COSTS AND CONSEQUENCES OF OVERLY PUNITIVE APPROACHES

Modern policing in the United States has been described in three eras: the Political Era (1840s to early 1900s), so named because of the political influence intertwined with policing (Hartmann, 1988); the Reform Era of the early (1900s to 1970s, including the professional advances led by August Vollmer); and the Community Era beginning in 1980 and emphasizing the role and partnership of the community in problem-solving (CommunityPolicing.com, n.d.).

Meanwhile, specific to the policing of addictive substances, in 1971 President Richard Nixon declared a “war on drugs,” which dramatically increased arrests, prosecution, and incarceration for drug-related offenses. For decades, this approach caused skyrocketing incarceration rates without resulting in comparable reductions in crime and drug use (Gainsborough & Mauer, 2000; Pew, 2018).

Indeed, strictly punitive approaches often have proven to be more harmful than helpful. Arresting and incarcerating individuals with SUDs does not address the underlying health condition, and in fact a person’s very entry into the criminal justice system increases their risk for recidivism (Yukhnenko et al., 2020). Furthermore, as policing pioneer Sir Robert Peel emphasized in the 19th century, the balance with individual liberty is paramount in policing (Law Enforcement Action Partnership [LEAP], n.d.). The drug war approach has disrupted this balance (Office of the High Commissioner for Human Rights, 2022; Vitiello, 2021) and in many places, community trust with it (Morrison, 2021; Olson, 2016).

SUPPORTING HUMAN RIGHTS

Mitigating the widespread and damaging impacts of punitive-only approaches, deflection supports human rights by identifying and treating root issues related to criminal activity and poor health such as SUDs, mental health disorders, trauma, and co-existing disorders, while also preventing unnecessary entry into the justice system for those who do not present a risk to public safety. Deflection ensures individuals’ rights to health and dignity while promoting a justice system that is fair, restorative, and accountable.

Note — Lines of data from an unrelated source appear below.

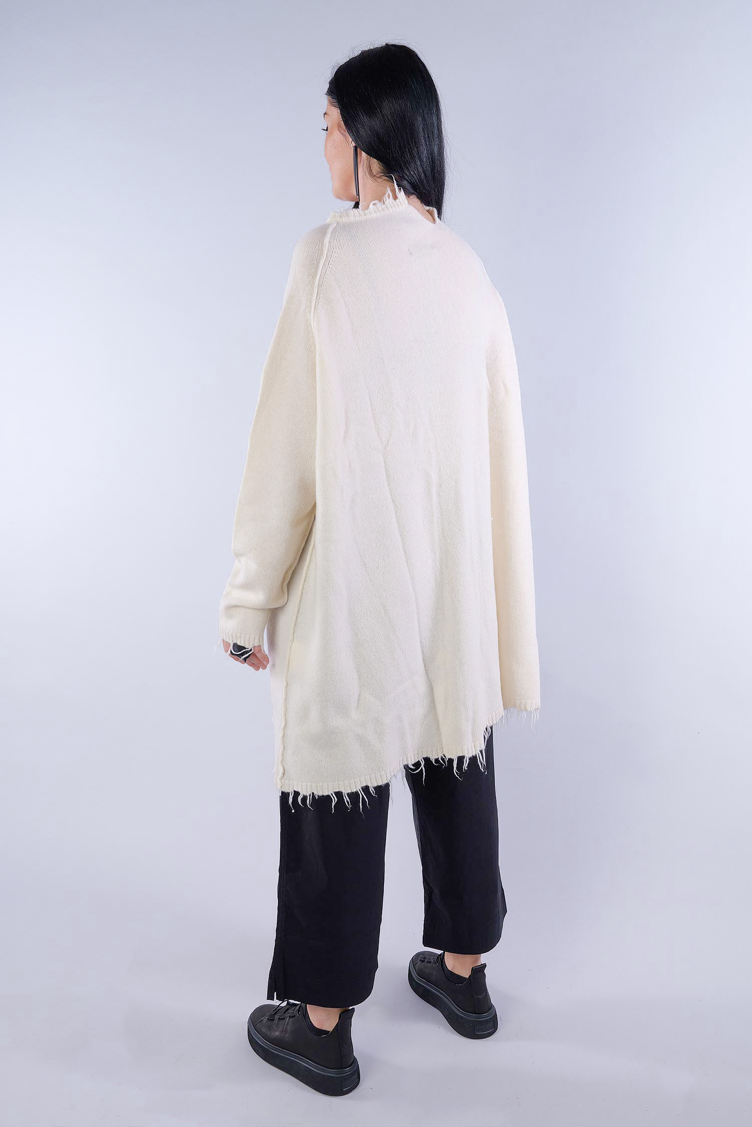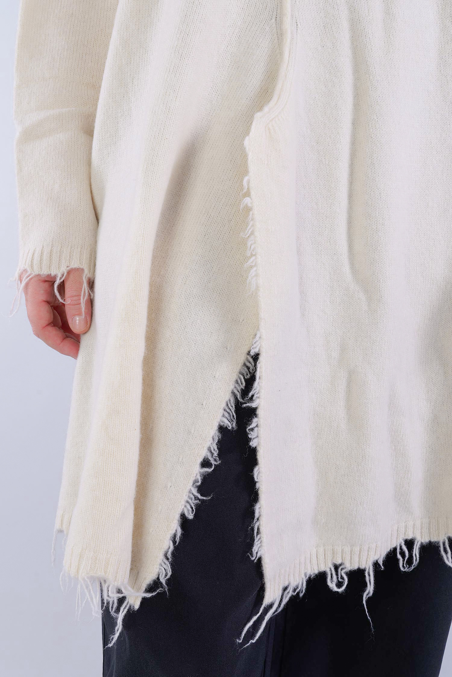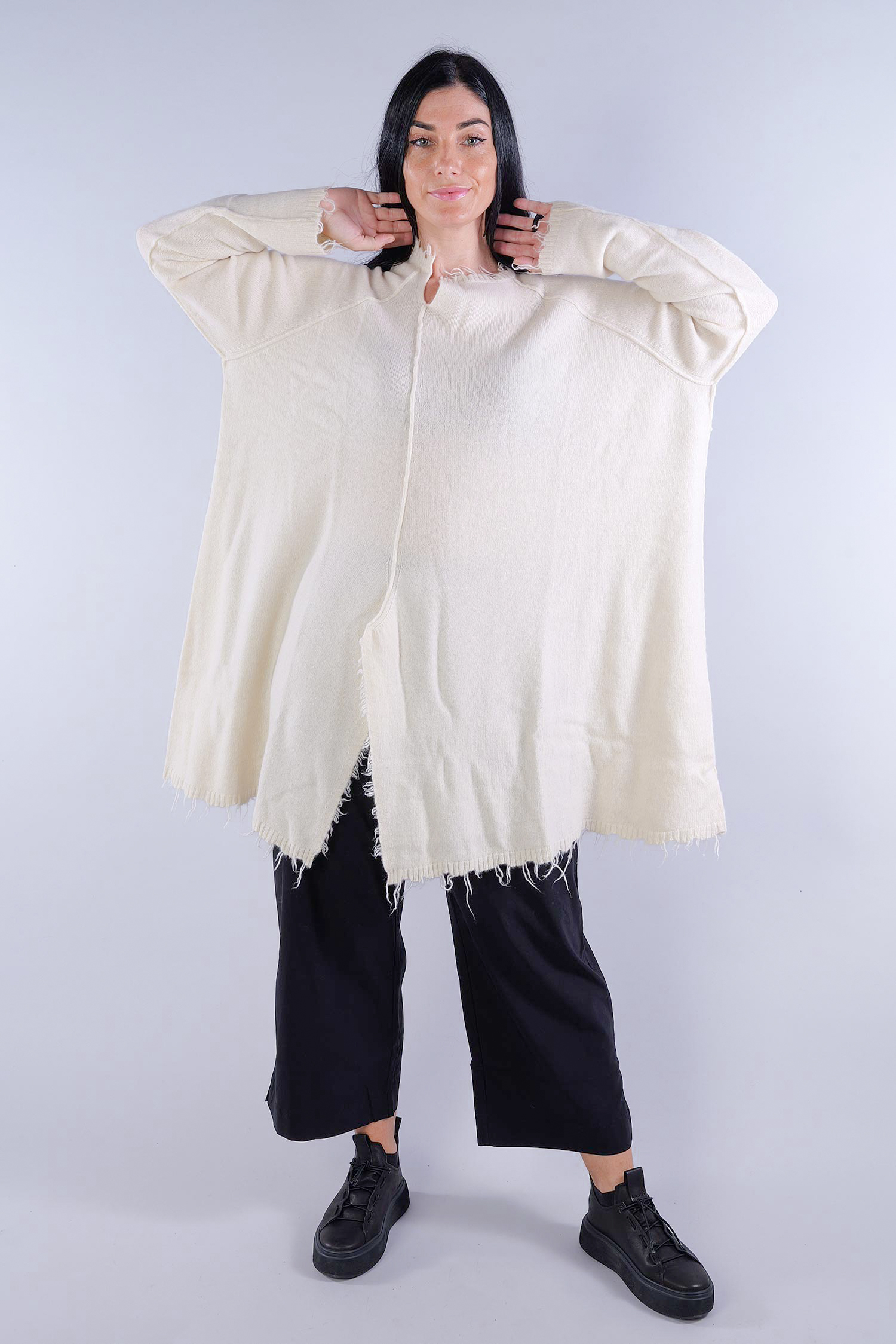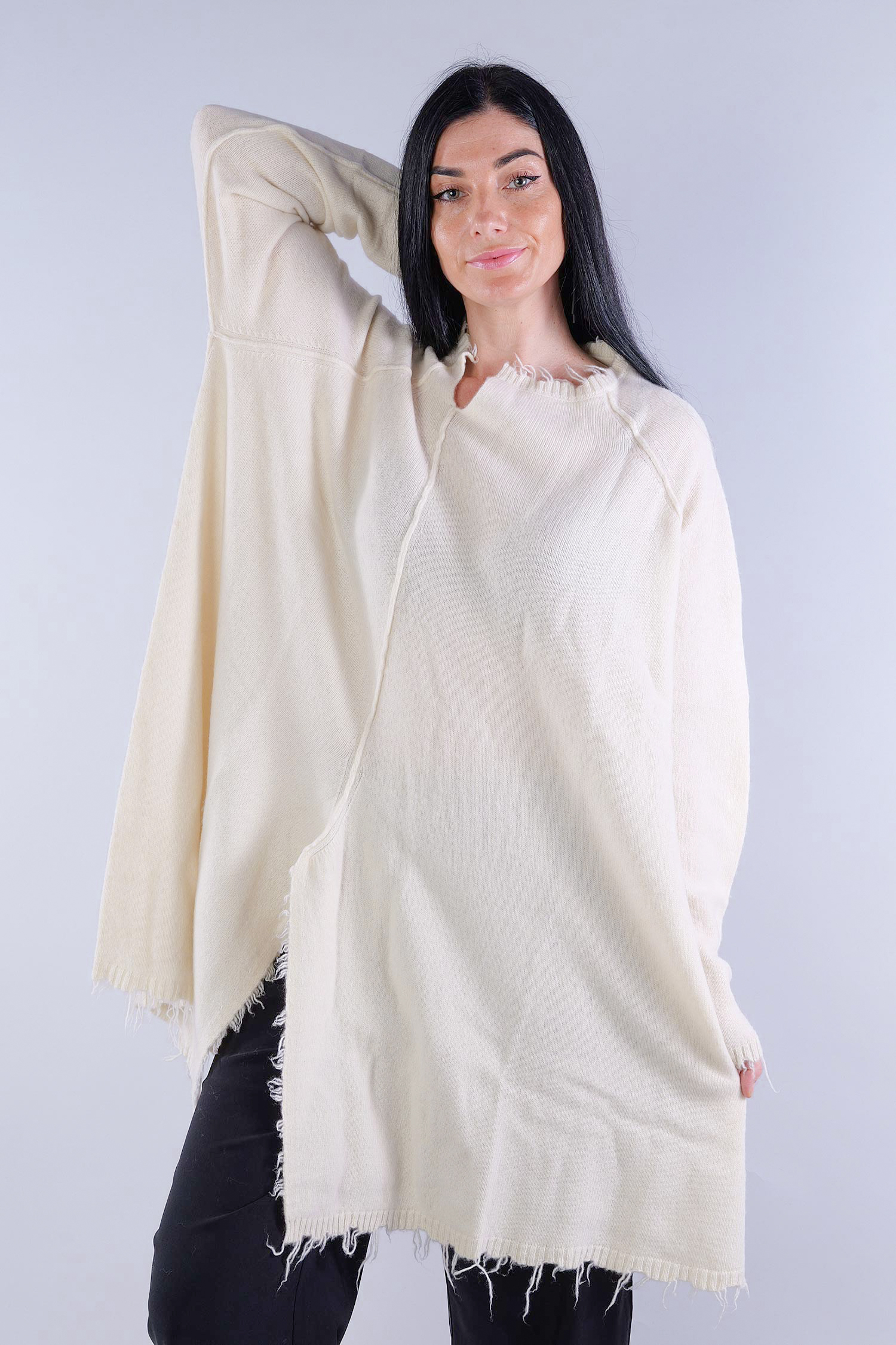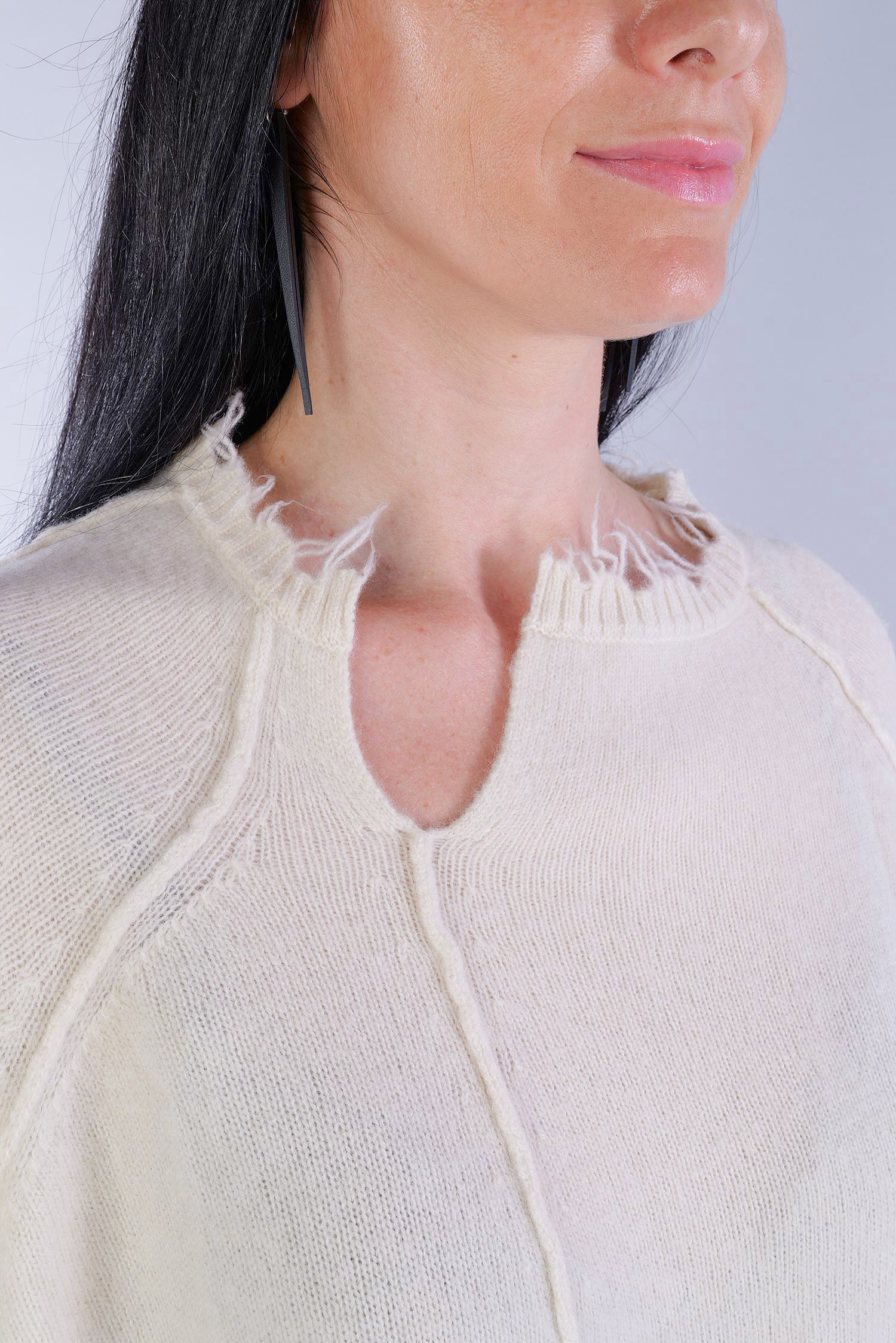 Details: - Asymmetrically long hem - Round neck with cuts - Cozy and light knit made of virgin wool and yak - Frayed endings - Raglan sleeves - Decorative seams towards the outside - Rib knit on endings - Slight A-line - Hem with cut at the front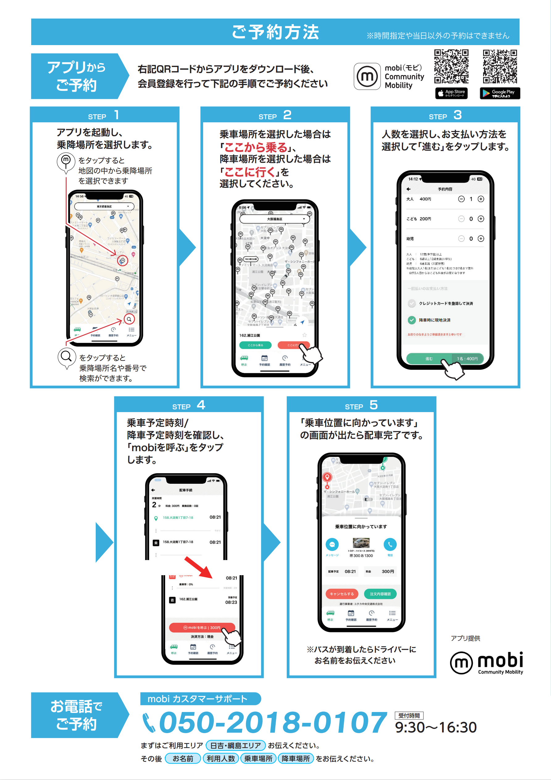 ※6 mobi(モビ):呼べば来る、エリア定額乗り放題サービス|MaaS|WILLER TRAVEL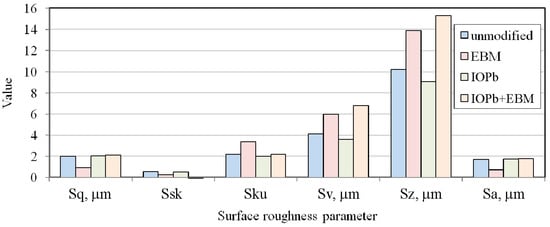 Cylindrical countersamples were prepared with different working surfaces. The base (unmodified) countersample was made of 145Cr6 tool steel (hardness 250HV). The countersamples’ surfaces were modified by the ion implantation (IO) of Pb (IOPb), electron beam melting (EBM), and combined ion implantation of Pb and EBM (IOb+EBM). The preparation procedure of countersamples, IO, and EBM process parameters were presented in a previous study [6]. The lowest average roughness was characteristic for countersamples after the EBM process (Figure 5). The remaining countersamples were characterised by more than twice the average roughness (Sa = 1.7–1.81 μm). Figure 6 presents the topography of the countersample.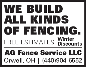 WE BUILD ALL KINDS OF FENCING. FREE ESTIMATES. AG Fence Service LLC Orwell, OH | (440)904-6552 Winter Discounts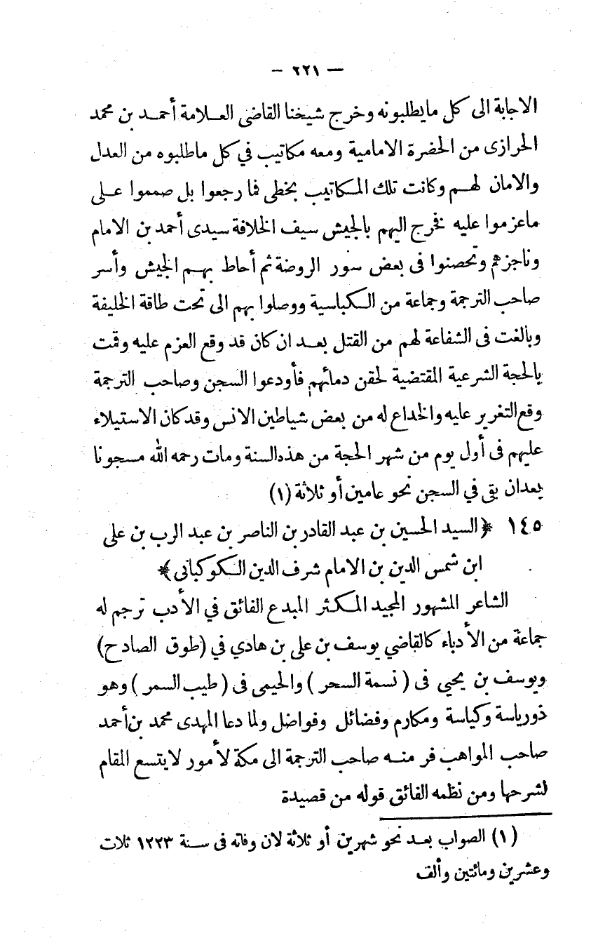 الإجابة إلى كل مَا يطلبونه وَخرج شَيخنَا القاضي الْعَلامَة أَحْمد بن مُحَمَّد الحرازي من الحضرة الإمامية وَمَعَهُ مكاتيب فِي كل مَا طلبوه من الْعدْل والأمان لَهُم وَكَانَت تِلْكَ المكاتيب بخطي فَمَا رجعُوا بل صمموا على ماعزموا عَلَيْهِ فَخرج إليهم بالجيش سيف الْخلَافَة سيدي أَحْمد بن الإمام وناجزهم وتحصّنوا في بعض سور الرَّوْضَة ثمَّ أحَاط بهم الْجَيْش وَأسر صَاحب التَّرْجَمَة وَجَمَاعَة من الكباسية ووصلوا بهم إلى تَحت طَاقَة الْخَلِيفَة وبالغت في الشَّفَاعَة لَهُم من الْقَتْل بعد أن كَانَ قد وَقع الْعَزْم عَلَيْهِ وَقمت بِالْحجَّةِ الشَّرْعِيَّة الْمُقْتَضِيَة لحقن دِمَائِهِمْ فأودعوا السجْن وَصَاحب التَّرْجَمَة وَقع التَّغْرِير عَلَيْهِ وَالْخداع لَهُ من بعض شياطين الإنس وَقد كَانَ الِاسْتِيلَاء عَلَيْهِم في أول يَوْم من شهر الْحجَّة من هَذِه السنة وَمَات رَحمَه الله مسجونا بعدان بقي فِي السجْن نَحْو عَاميْنِ أَو ثَلَاثَة

Article 25 of the Universal Declaration of Human Rights asserts every individual’s right to health and well-being, including access to medical care and necessary social services (United Nations General Assembly, 1948, as cited in United Nations, 2021). Deflection embodies this principle by prioritizing treatment over punishment-only approaches without compromising public safety for individuals with substance use issues. These programs focus on supporting vulnerable populations, such as those affected by poverty, community disenfranchisement, and gender-based violence, offering resources and rehabilitation as a first approach to addressing drug use, misuse, and addiction. In this way, deflection also can help reduce costly incarceration rates by serving as an effective alternative to incarceration for minor, non-violent offenses related to personal drug use. Given this, deflection also is an ideal strategy for addressing youth involved in drug use and related non-violent criminal behavior (Police, Treatment, and Community Collaborative, 2024). Finally, deflection aligns with the United Nations Office on Drugs and Crime (UNODC) Sustainable Development Goal 16 (UNODC, n.d.) by promoting peace, justice, and strong institutions through restorative justice, enhancing community trust and accountability.

II.  BUILDING ON LESSONS LEARNED IN PUBLIC HEALTH AND PUBLIC SAFETY

Knowledge and advances in the following areas during the past several decades, combined together, underlie the practical basis for deflection.

THE SCIENCE OF ADDICTION

The use of substances—including alcohol and a wide range of both legal and illegal drugs—can range from “non-pathological” (not causing harm) to a diagnosed disorder (Ramey & Regier, 2018). An SUD affects the brain and behavior, affecting executive functions, decision-making, impulsivity, and self-regulation/risk-taking (Krmpotich et al., 2015). Addiction is a severe SUD characterized by compulsive and continued use despite negative consequences (Ramey & Regier, 2018).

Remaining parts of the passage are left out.